1. A method comprising:
determining, by a remote control, a rate of signal pulses transmitted by a device and a transmission interval occurring between a first of the signal pulses and a second of the signal pulses;
detecting, by the remote control, selection of a command by a user; and
transmitting at least a portion of the command during the transmission interval.
2. The method of claim 1, wherein the determining the rate of the signal pulses comprises receiving a signal specifying the rate of the signal pulses.
3. The method of claim 1, wherein the determining the rate of the signal pulses comprises:
detecting a frequency of receipt of the signal pulses; and
determining the rate of the signal pulses based on the frequency.
4. The method of claim 1, further comprising determining that a time interval required to transmit the command exceeds the transmission interval.
5. The method of claim 4, further comprising fragmenting the command into at least two command fragments.
6. The method of claim 5, wherein the portion of the command transmitted during the transmission interval comprises a first of the at least two command fragments.
7. The method of claim 6, further comprising causing transmission of a second of the at least two command fragments during a subsequent transmission interval.
8. The method of claim 5, wherein each of the at least two command fragments comprises a header providing sequencing information for a first of the at least two command fragments relative to a second of the at least two command fragments.
9. A method comprising:
transmitting, by a display device, signal pulses at a pulse rate corresponding to a frame rate of a video program;
transmitting, to a remote control, a message specifying the pulse rate and a time duration of a transmission interval between a pair of the signal pulses; and
receiving, from the remote control, a command signal during the transmission interval.

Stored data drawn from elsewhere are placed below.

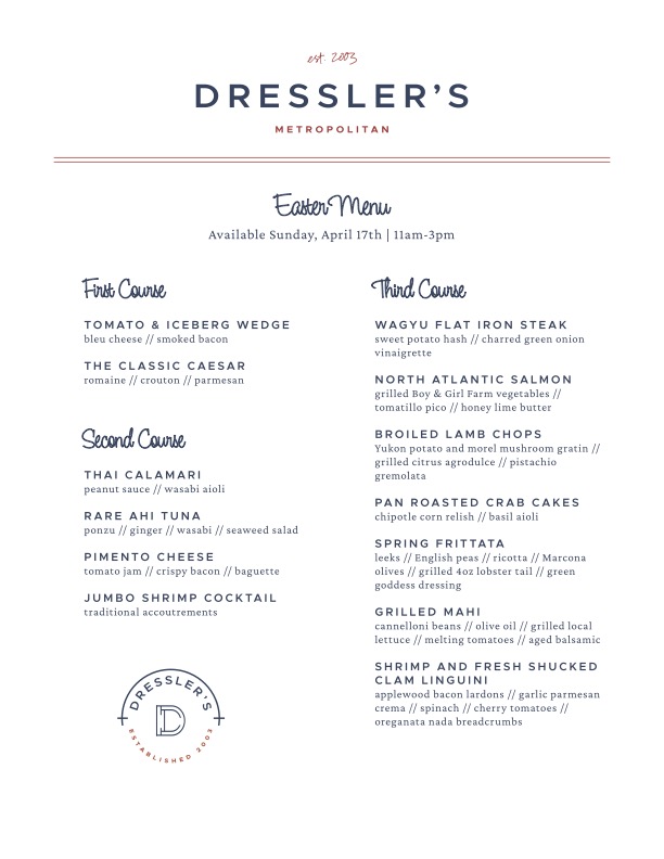 Dressler’s will have a 3 course lunch from 11 am to 3 pm for $59 per person + tax and gratuity. Reserve Here.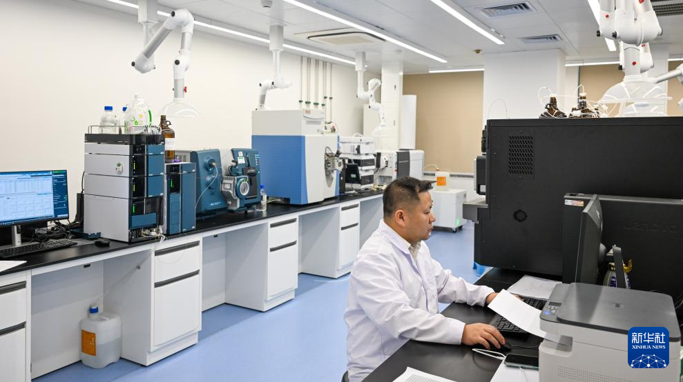 海口海关工作人员在海口海关技术中心实验室工作(10月22日摄)。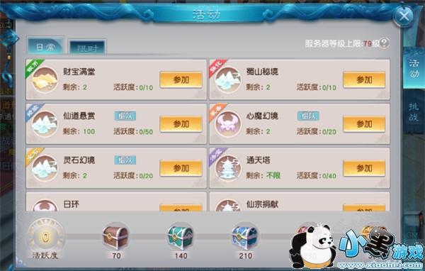 每日游戏过程中,除了必做的活动外,限时活动也要记得参加哦,世界领主、上古战场、蟠桃盛会、封魔殿等,只要参与就有奖励获得哦~道具、经验奖励可一点都不差的,如果你是千里挑一的勇士,释放你的风采,在显示活动中获得名次,奖励拿到手软哦。

10. The method of claim 9, wherein the message specifies a time duration of each of the signal pulses.
11. The method of claim 9, wherein the message specifies that a guard band precedes each of the signal pulses and/or follows each of the signal pulses, and wherein the pulse time message specifies a time duration of the guard band.
12. The method of claim 11, further comprising adjusting the rate at which the signal pulses are transmitted.

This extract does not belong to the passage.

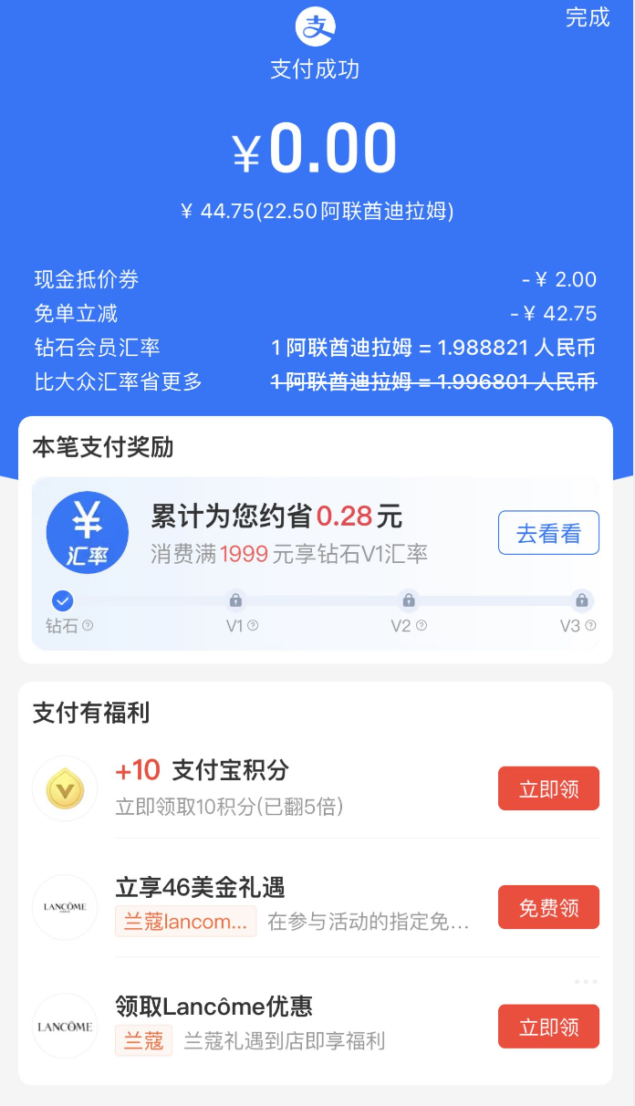 劲旅君及朋友亲测了三单交易,账单显示:上支付宝“惠出境”,用优惠券一单减免8元(优惠券)、一单减免2元(优惠券)。后面这单同时还抽中了“免单”机会,当场全额免掉44.75元人民币(相当于22.50迪拉姆)。这种减免力度,很难不吸引中国游客参与。

13. The method of claim 9, further comprising processing a plurality of packets received from the remote control;
determining that each of the packets contains a fragment of a command; and
reconstructing the command from the fragments.
14. A method comprising:
detecting, by a device, a command packet sent by a remote control;
determining that the command packet comprises an end sentinel followed by an identifier data sequence that identifies an alternative signaling frequency and comprises remote control address data of the remote control;
causing transmission of a pairing request comprising the remote control address data and device address data of the device; and
receiving a pairing response message from the remote control to establish a communication session with the remote control using the alternative signaling frequency.
15. The method of claim 14, further comprising exchanging keys with the remote control for encrypting messages to be sent as part of the communication session.
16. The method of claim 14, wherein the detecting of the command packet further comprises determining that the command packet has been fragmented into at least two command fragments.
17. The method of claim 16, wherein each of the at least two command fragments comprises a header providing sequencing information for a first of the at least two command fragments relative to a second of the at least two command fragments.
18. The method of claim 17, wherein the detecting of the command packet further comprises reconstructing the command packet based on the sequencing information.
19. The method of claim 15, further comprising, subsequent to the establishing of the communication session, receiving a second command packet.
20. The method of claim 19, further comprising causing communication of an acknowledgement in response to the second command packet.